- Description of the task
Begin at the line containing "Figure 1. Microstrip" and restate it and each line after it exactly, up to and including the last line below. Leave pictures out.

*** Task input ***

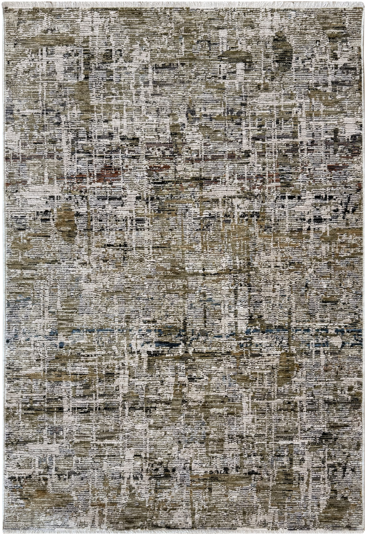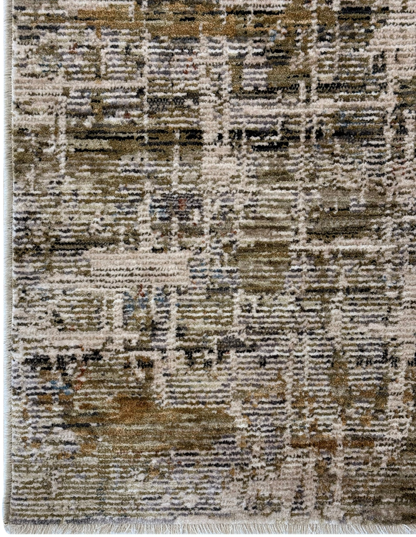 The Kendal–Iris 3346 Beige Green rug blends warm beige, soft ivory, olive green, charcoal, and muted taupe in a refined abstract grid design. The pattern feels layered and architectural, with horizontal and vertical striations creating a woven, textural effect that adds movement without overwhelming the space.
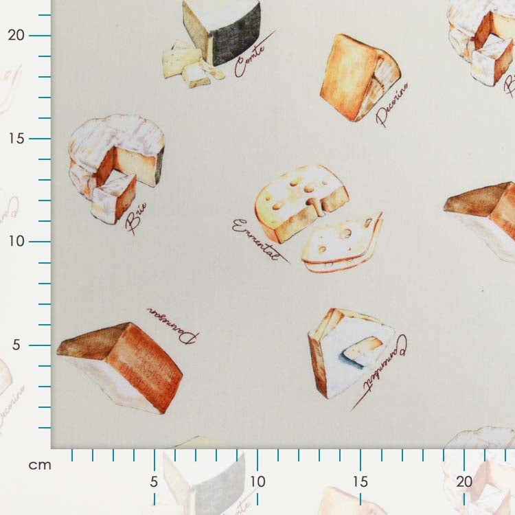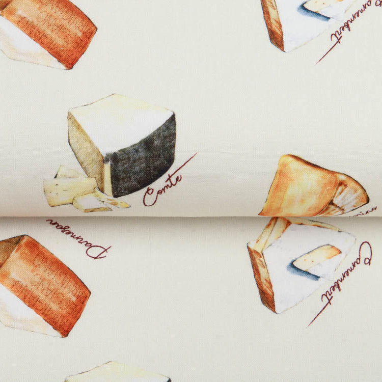 Käse-Liebhaber aufgepasst! Dieser charmante Baumwollstoff besticht mit einem verspielten Muster verschiedenster Käsesorten auf naturfarbenem Grund. Die hochwertige Popeline-Webware überzeugt durch ihre angenehme Griffigkeit und Strapazierfähigkeit – perfekt für Patchwork, Kissenbezüge oder kreative Nähprojekte. Mit diesem köstlichen Design bringst du Humor und Charme in deine Werkstatt!
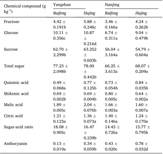 從表1可以看出,來(lái)自陽(yáng)山區(qū)域的桃總糖含量*高,來(lái)自南京地區(qū)的“白鳳”桃的總糖含量*低。不同產(chǎn)區(qū)同一品種桃的果糖、葡萄糖、蔗糖和總糖含量存在差異。同一產(chǎn)地不同品種桃的蔗糖和總糖含量相近。較高的晝夜溫差有利于糖的積累,3 - 6月桃子生長(zhǎng)期間,陽(yáng)山區(qū)的晝夜溫差高于南京。蘋果酸、莽草酸和奎寧酸的含量在不同產(chǎn)地間存在差異,而檸檬酸的含量在不同產(chǎn)地間無(wú)顯著差異。糖酸比是指水果樣品中總糖與總有機(jī)酸含量的比值,它在很大程度上決定了水果的口感和風(fēng)味,糖酸比高的桃子比糖酸比低的桃子更甜。顯然,陽(yáng)山地區(qū)桃子的糖酸比要高于南京地區(qū)?;ㄇ嗨嘏c果肉顏色有關(guān)。陽(yáng)山地區(qū)桃的花青素含量低于南京樹(shù),這也解釋了為什么“白鳳”的果肉比“湖景”的果肉更白。
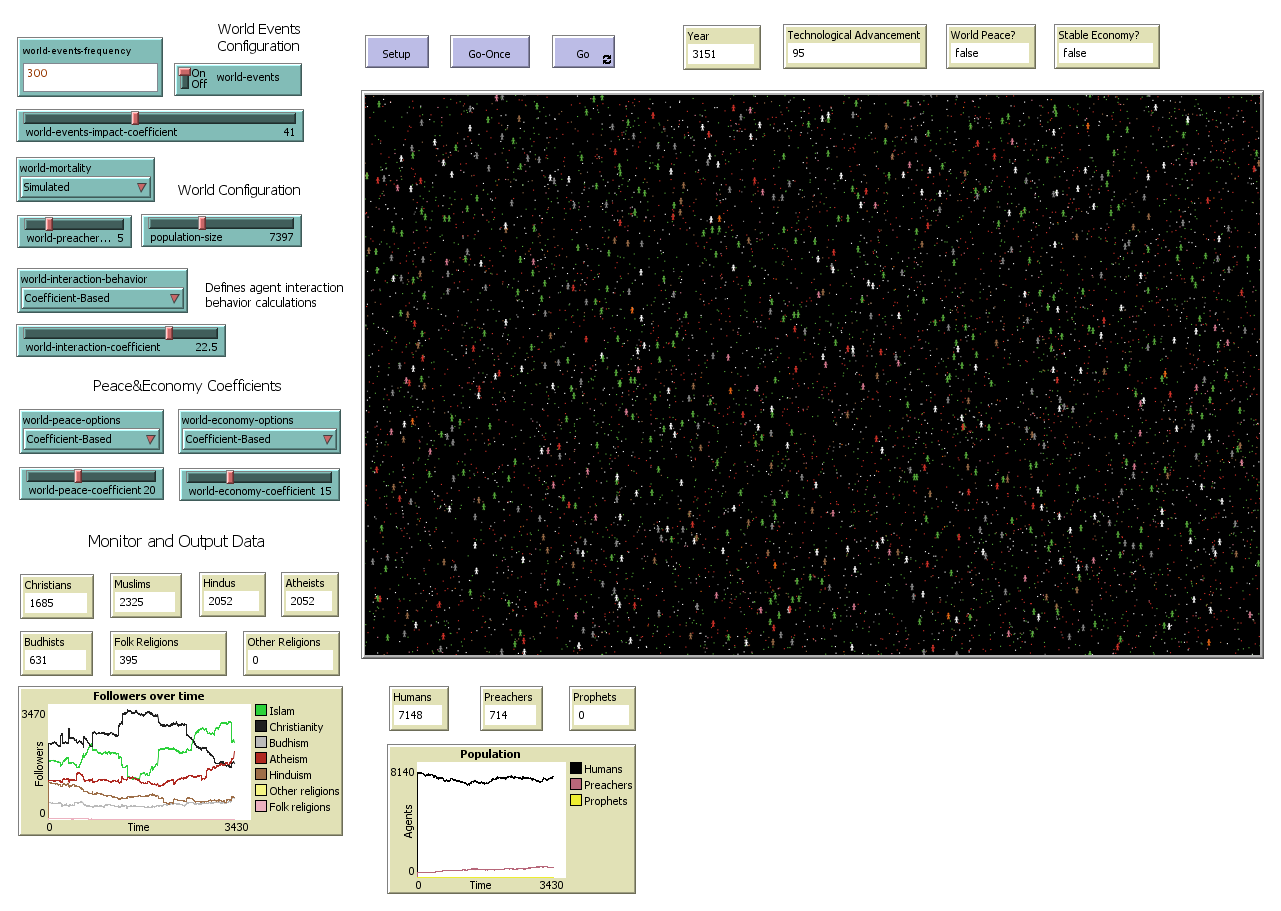 ;;The Evolution of Religion ;; This NetLogo model is to simulate the evolution of religion ;; Breeds and their shared or type-specific attributes breed[humans human] ;; set size 1 for regular human to distinguish them in the interface from other breeds breed[preachers preacher] ;; set size 5 for preacher breed[prophets propeth] ;; set size 50 for the propeth turtles-own[ age ;; 1:N (current age of the agent) lifespan ;; N (age of death of the agent) religion ;; string (religion of the agent) religiosity ;; 0:10 (religiosity of the agent) openness ;; 0:10 (how open the agent is to new ideas) trust ;; 0:10 (how confidental the agent is) influence ;; 0:10 (how influential the agent is in the world) radius ;; 0:N (physical radius of interaction) movementSpeed ;; 1:N (defines node moves per tick) ] ;; Global variables declared on the interface: ;; population-size 0:N (size of starting population) ;; world-events T:F (enables/disables world events) ;; world-events-frequency 0:N (determines the max frequency of world events by the formula (random thisVariable)) ;; world-events-impact-coefficient 0:N (determines the impact that the world events will have on religions) globals[ world-age ;; 0:N (current age of the world) world-technological-advancement ;; 0:100 (technological advancement of the world) world-economy? ;; T:F (whether the world economy is stable or not) MOZDA DA RAZMJENJUJU NOVAC AGENTI PA DA TAKO UTICEMO NA EKONOMIJU.. world-peace? ;; T:F (whether the world is at peace or not) ;; Temp Variables world-events-current-frequency world-preachers-percentage ;; Religions world-religions world-religions-colors world-religions-population ] ;; Setup Method to setup clear-all reset-ticks init-variables init-patches init-turtles print-world-config ;;show word "Most dominant starting religion: " get-world-religion-influence["christianity"] - Get Religion Current Influence end ;; Init World Variables to init-variables set world-age 1 set world-technological-advancement 1 set world-peace? false set world-economy? false set world-preachers-percentage world-preachers-percentage-ui ;;Setting the preachers percentage according to the UI set world-events-current-frequency (random world-events-frequency) + 1 ;;Setting the current world event frequency ifelse(world-preachers-percentage != 0)[set world-preachers-percentage world-preachers-percentage / 100] ;;Taking the percentage and transforming it into decimals [set world-preachers-percentage 0] set world-religions["christianity" "islam" "hinduism" "atheism" "budhism" "folk-religion" "other-religion"] ;; Religions of the world set world-religions-colors[white green brown red gray pink yellow] ;; Colors to represent religion set world-religions-population[0.31 0.24 0.15 0.16 0.07 0.06 0.005] ;; Percentage of agents per religion end ;; Init Patches Method to init-patches ask patches[ set pcolor black ] end ;; Init Turtles Method to init-turtles let number-of-preachers (int(world-preachers-percentage * population-size)) let number-of-humans (population-size - number-of-preachers) create-humans population-size create-preachers number-of-preachers ask turtles[ turtles-set-init-values ] ;; Assigning religions per percentage, data from: Size of Major Religious Groups, 2020 on Wikipedia let counter 0 foreach(world-religions-population)[ let percentage int(item counter world-religions-population * population-size) ask n-of percentage turtles with[religion = "none"][set religion item counter world-religions set color item counter world-religions-colors] set counter counter + 1 ] end to turtles-set-init-values setxy random-xcor random-ycor set shape "person" set age 0 set lifespan random 300 if lifespan < 18[set lifespan lifespan + 18] if (breed = humans) [set size 1 set radius 1 set movementSpeed 1] if (breed = preachers)[set size 6 set radius 3 set movementSpeed 2] set religion random 11 set religiosity random 11 set openness random 11 set trust random 11 set influence random 11 set religion "none" end ;; Print World Config Method - prints the world configuration to print-world-config show "--------------------" show "World Configuration" show " " show word "World Population: " population-size let number-of-preachers (int(world-preachers-percentage * population-size)) let number-of-humans (population-size - number-of-preachers) show word "Humans: " number-of-humans show word "Preachers: " number-of-preachers show " " show "World Peace: Active" show "World Economy: Stable" show " " ifelse world-events[ ;; We print the world-events configuration if they are enabled show "World Events: Enabled" show word "World Events Impact Percentage: " world-events-impact-coefficient show word "World Events Frequency: " world-events-frequency ] [show "World Events: Disabled"] end ;; Go Method which loops the go-once method to go go-once end ;; Go Once Method updated 1/per tick to go-once ask turtles[ turtles-move turtles-age if (breed = humans)[ ;; Human specific behaviors human-interaction ] if (breed = preachers)[ preacher-interaction ;; Preacher specific behaviors ] if (breed = prophets)[ ;; Prophet specific behaviors prophet-interaction ] ] world-event-check ;; Check if it is time for a world event world-update ;; Update the world variables such as age, technology, etc ... end ;; Turtle Movement - they move in random directions 1 field per tick to turtles-move rt random 100 lt random 100 fd movementSpeed end ;; Turtles age to turtles-age set age age + 1 if age > lifespan[ if count turtles > 25000 [die] if world-mortality = "Constant"[turtles-born die] if world-mortality = "Simulated"[ ;; Code for simulated reporoduction let children random 2 if (children = 0)[ let number-of-children random 3 loop[ ifelse(number-of-children != 0)[ set number-of-children number-of-children - 1 turtles-born ][stop] ] ] die ] if world-mortality = "Increasing"[if count turtles > 1000 [die]] if world-mortality = "Decreasing"[turtles-born turtles-born die] ] end ;; Birth of turtle to turtles-born 
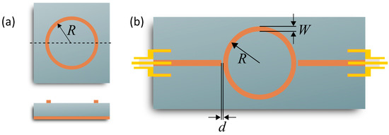 Figure 1. Microstrip ring resonators: (a) basic setup and (b) transmission-type ring resonator with two capacitively coupled feed lines for excitation.
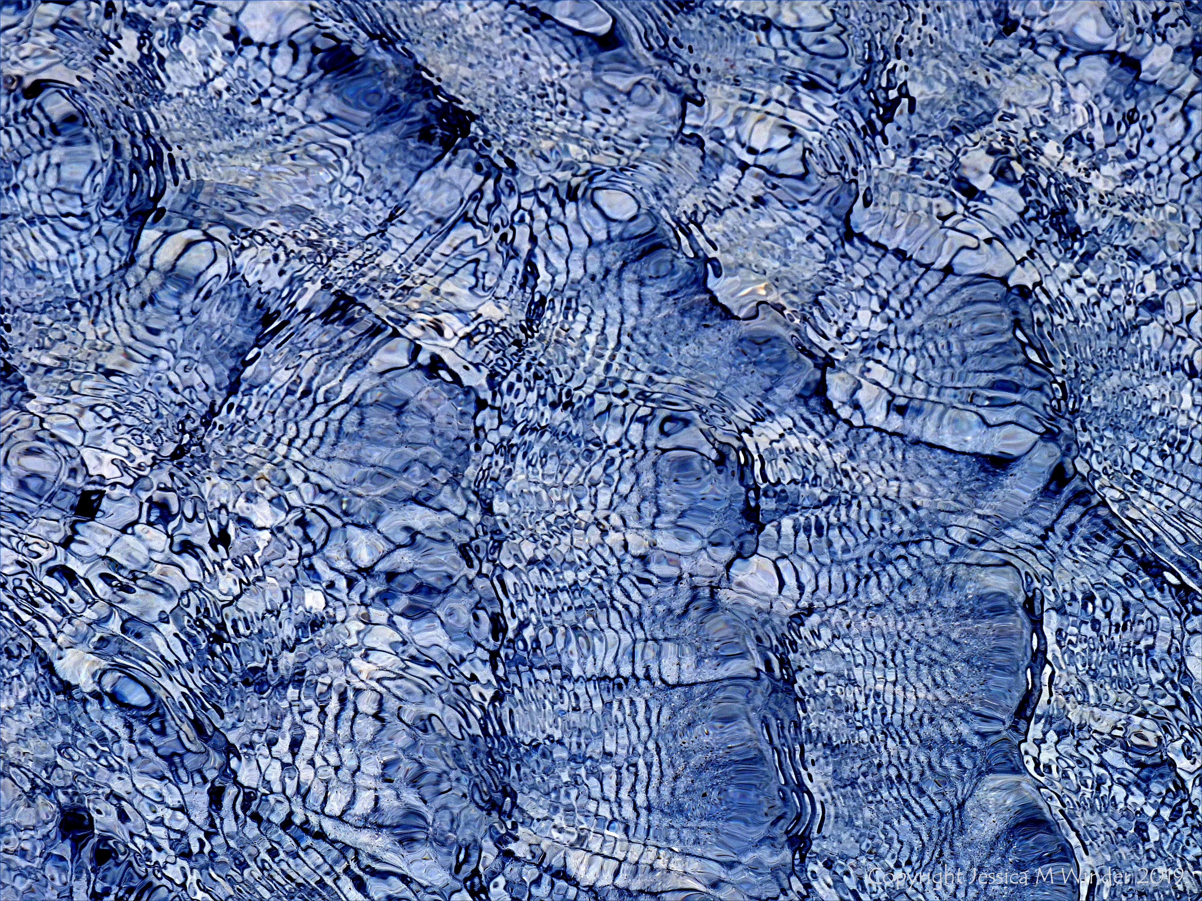 Water Study 9 – One of a long series of digitally re-coloured photographs of the ever-changing patterns of reflected light on shallow ripples at the water’s edge on the beach at Rhossili Bay in Gower, South Wales.

*** End of Task input ***

- Output of the task
 Figure 1. Microstrip ring resonators: (a) basic setup and (b) transmission-type ring resonator with two capacitively coupled feed lines for excitation.
 Water Study 9 – One of a long series of digitally re-coloured photographs of the ever-changing patterns of reflected light on shallow ripples at the water’s edge on the beach at Rhossili Bay in Gower, South Wales.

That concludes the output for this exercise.